* [Data extracts]:
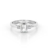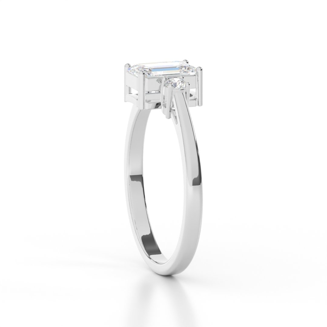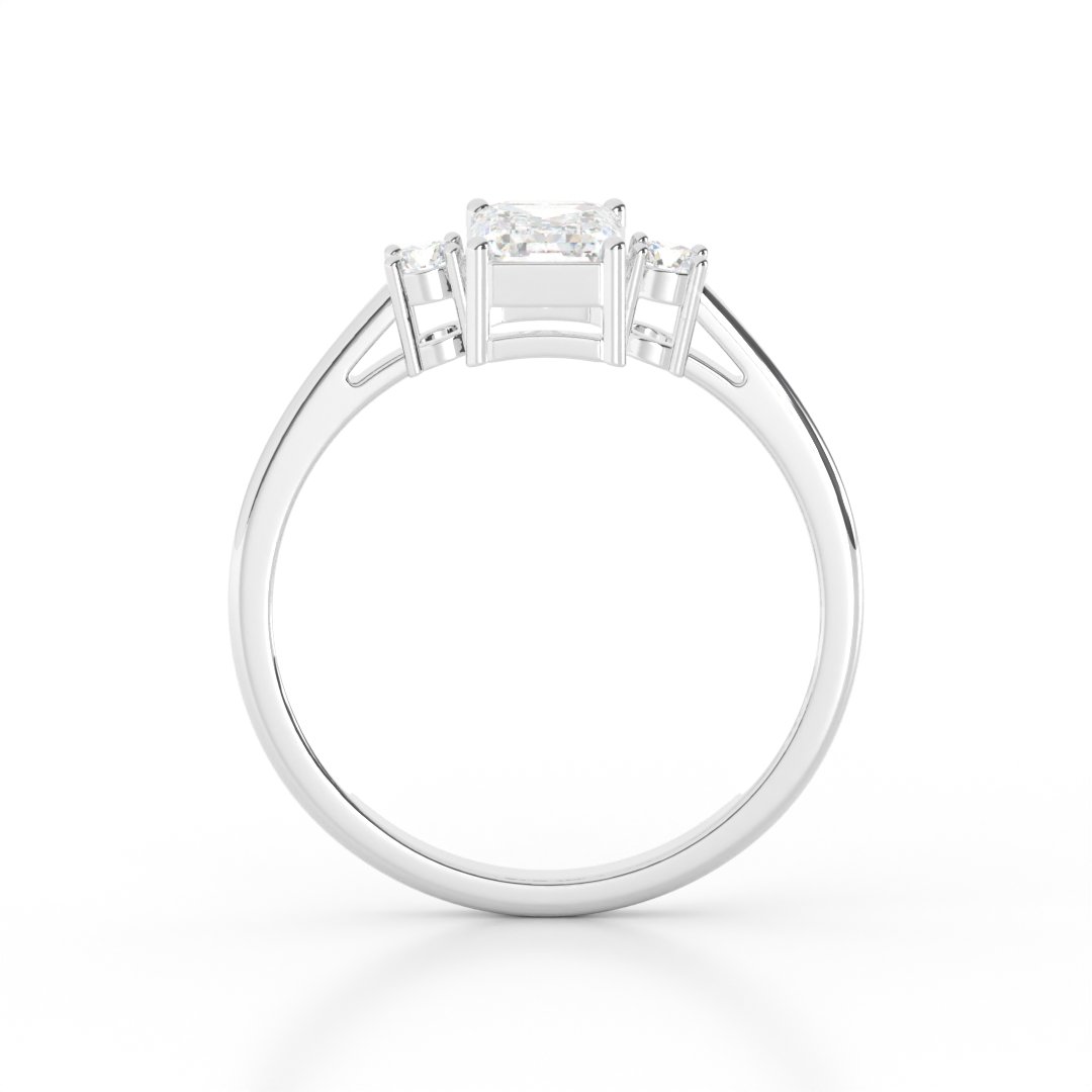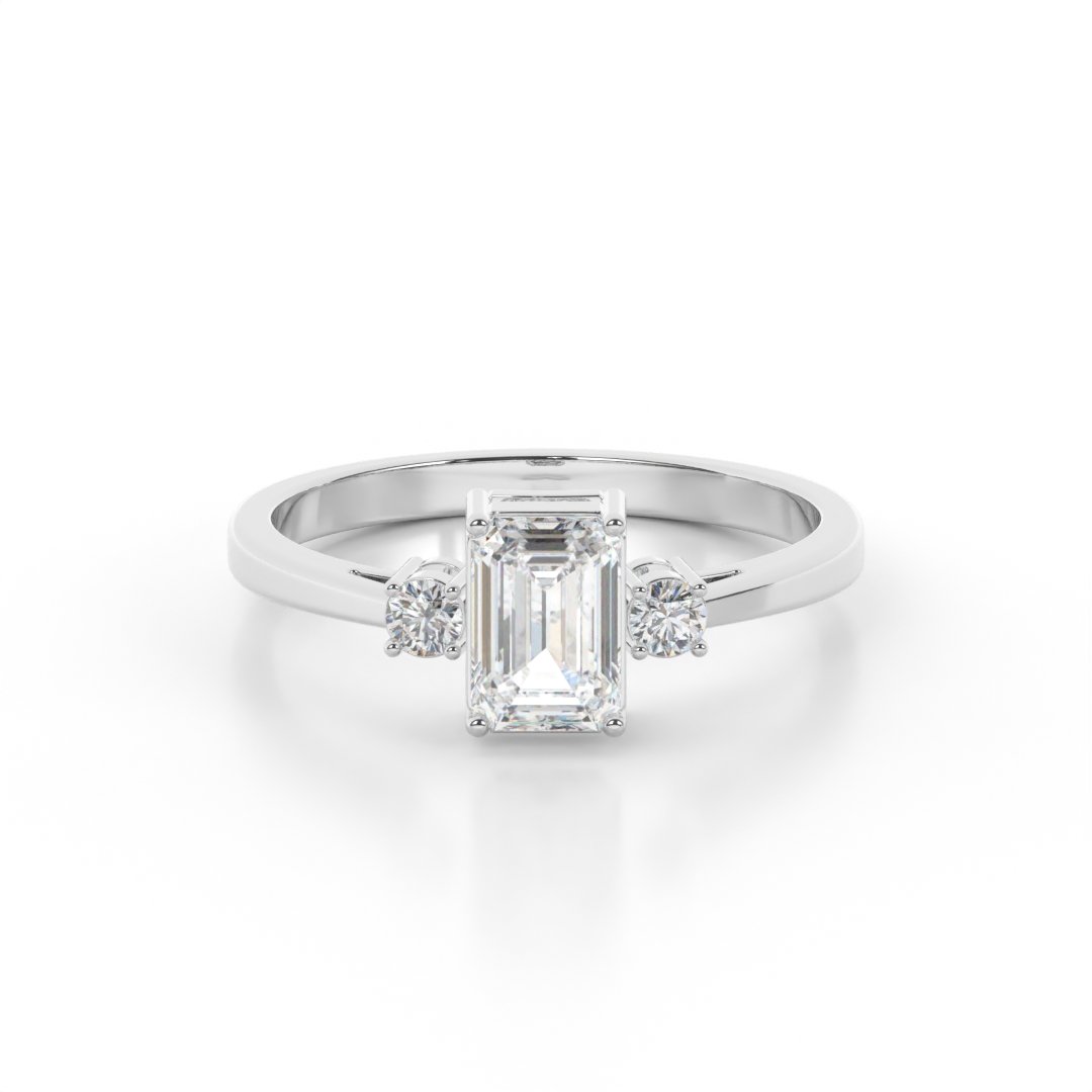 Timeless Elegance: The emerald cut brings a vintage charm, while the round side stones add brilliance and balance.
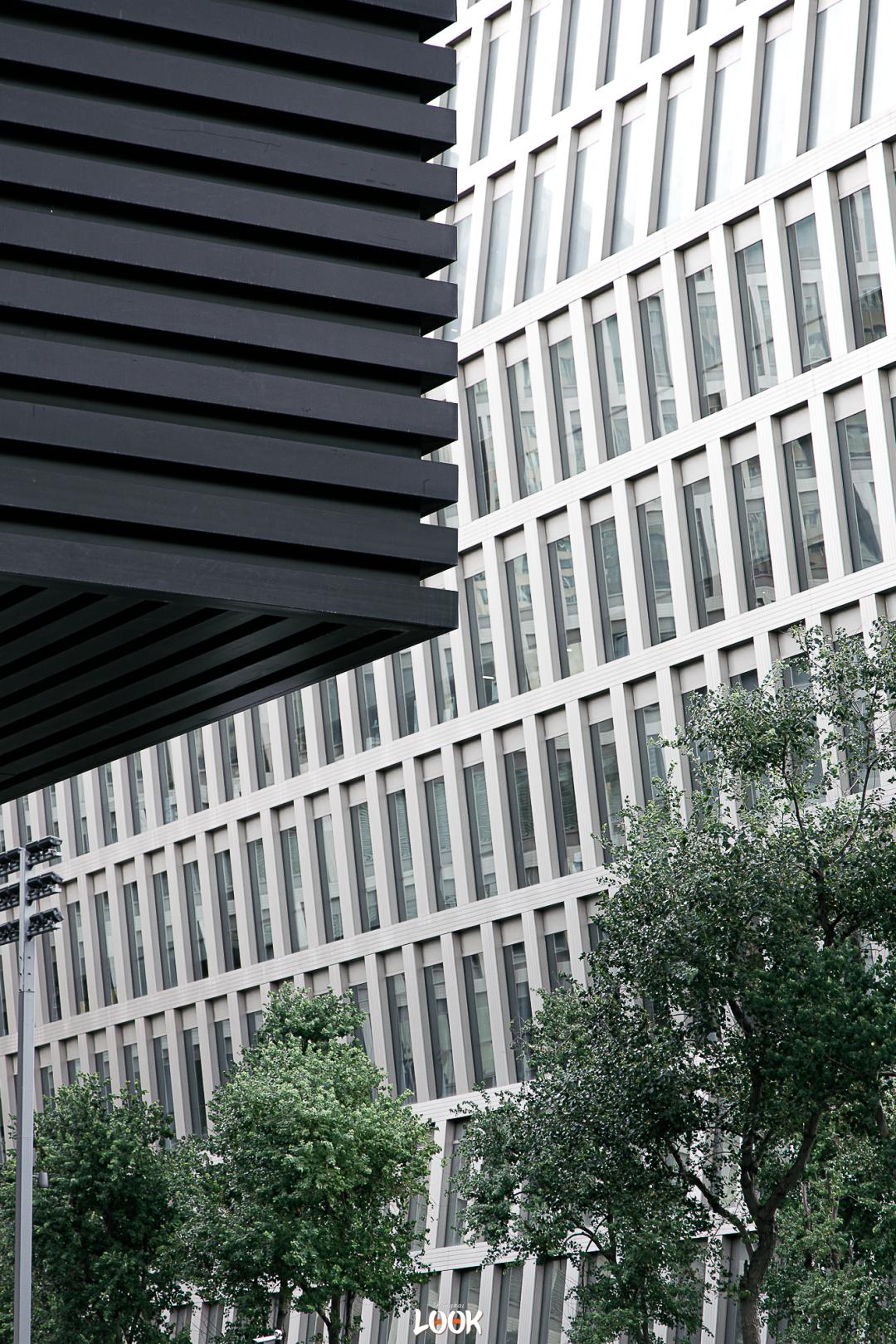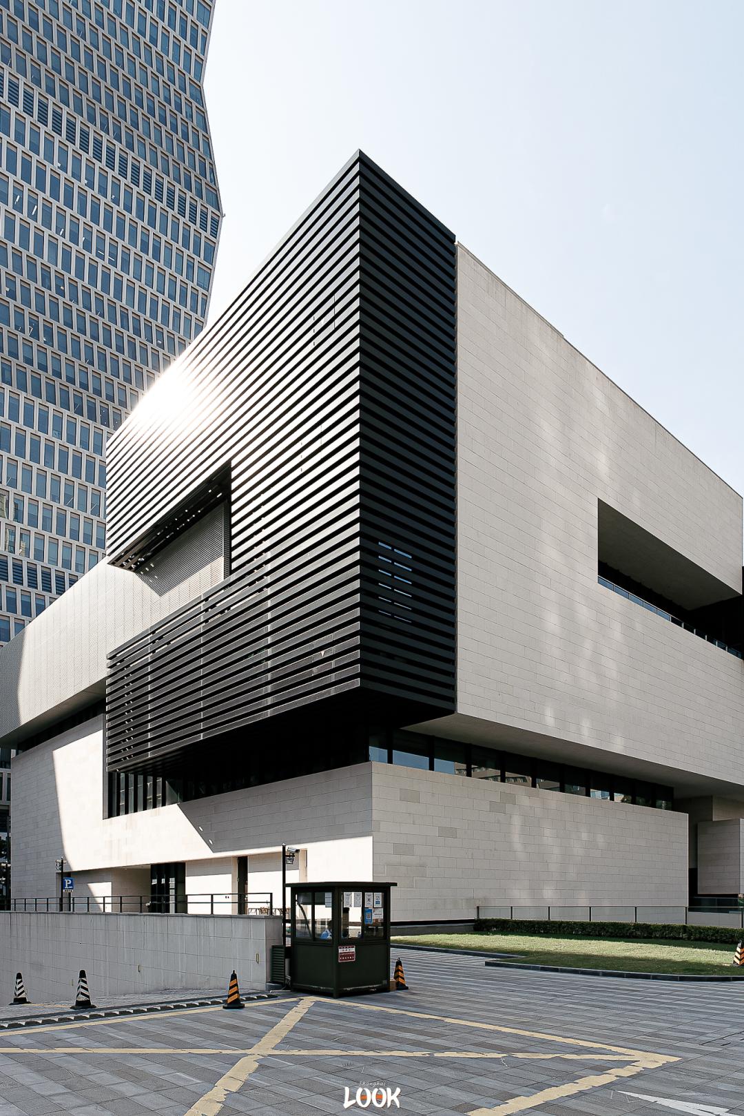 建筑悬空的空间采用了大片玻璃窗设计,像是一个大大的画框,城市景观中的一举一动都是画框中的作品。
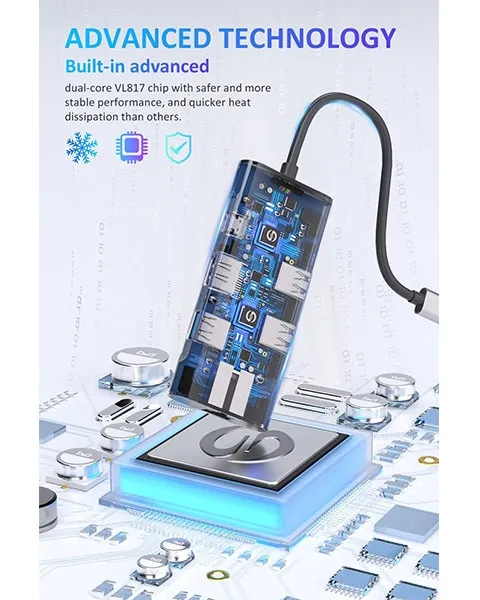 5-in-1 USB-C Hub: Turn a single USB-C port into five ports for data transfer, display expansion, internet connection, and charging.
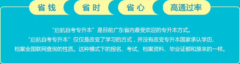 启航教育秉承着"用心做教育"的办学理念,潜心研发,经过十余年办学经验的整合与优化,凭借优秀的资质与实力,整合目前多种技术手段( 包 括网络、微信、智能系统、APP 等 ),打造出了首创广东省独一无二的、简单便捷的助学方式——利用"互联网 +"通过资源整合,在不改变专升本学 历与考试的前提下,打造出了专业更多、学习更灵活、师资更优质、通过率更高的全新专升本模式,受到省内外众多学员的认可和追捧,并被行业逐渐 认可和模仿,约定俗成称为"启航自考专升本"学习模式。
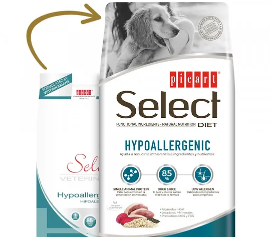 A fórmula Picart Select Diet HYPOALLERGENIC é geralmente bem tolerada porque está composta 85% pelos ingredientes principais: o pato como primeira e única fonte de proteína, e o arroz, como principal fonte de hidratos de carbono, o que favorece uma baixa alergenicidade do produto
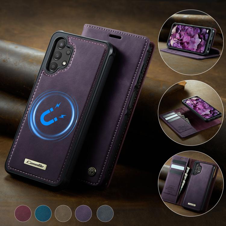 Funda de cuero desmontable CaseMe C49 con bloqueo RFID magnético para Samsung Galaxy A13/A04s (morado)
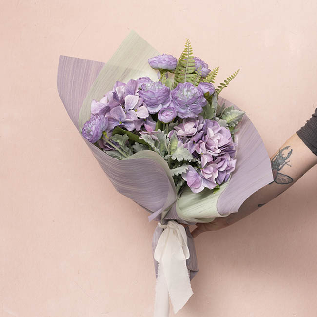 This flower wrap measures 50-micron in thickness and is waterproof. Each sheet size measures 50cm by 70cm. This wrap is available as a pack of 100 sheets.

* [Exercise brief]: Without any of the pictures, repeat the entries above word for word.

* [Exercise response]:
 Timeless Elegance: The emerald cut brings a vintage charm, while the round side stones add brilliance and balance.
 建筑悬空的空间采用了大片玻璃窗设计,像是一个大大的画框,城市景观中的一举一动都是画框中的作品。
 5-in-1 USB-C Hub: Turn a single USB-C port into five ports for data transfer, display expansion, internet connection, and charging.
 启航教育秉承着"用心做教育"的办学理念,潜心研发,经过十余年办学经验的整合与优化,凭借优秀的资质与实力,整合目前多种技术手段( 包 括网络、微信、智能系统、APP 等 ),打造出了首创广东省独一无二的、简单便捷的助学方式——利用"互联网 +"通过资源整合,在不改变专升本学 历与考试的前提下,打造出了专业更多、学习更灵活、师资更优质、通过率更高的全新专升本模式,受到省内外众多学员的认可和追捧,并被行业逐渐 认可和模仿,约定俗成称为"启航自考专升本"学习模式。
 A fórmula Picart Select Diet HYPOALLERGENIC é geralmente bem tolerada porque está composta 85% pelos ingredientes principais: o pato como primeira e única fonte de proteína, e o arroz, como principal fonte de hidratos de carbono, o que favorece uma baixa alergenicidade do produto
 Funda de cuero desmontable CaseMe C49 con bloqueo RFID magnético para Samsung Galaxy A13/A04s (morado)
 This flower wrap measures 50-micron in thickness and is waterproof. Each sheet size measures 50cm by 70cm. This wrap is available as a pack of 100 sheets.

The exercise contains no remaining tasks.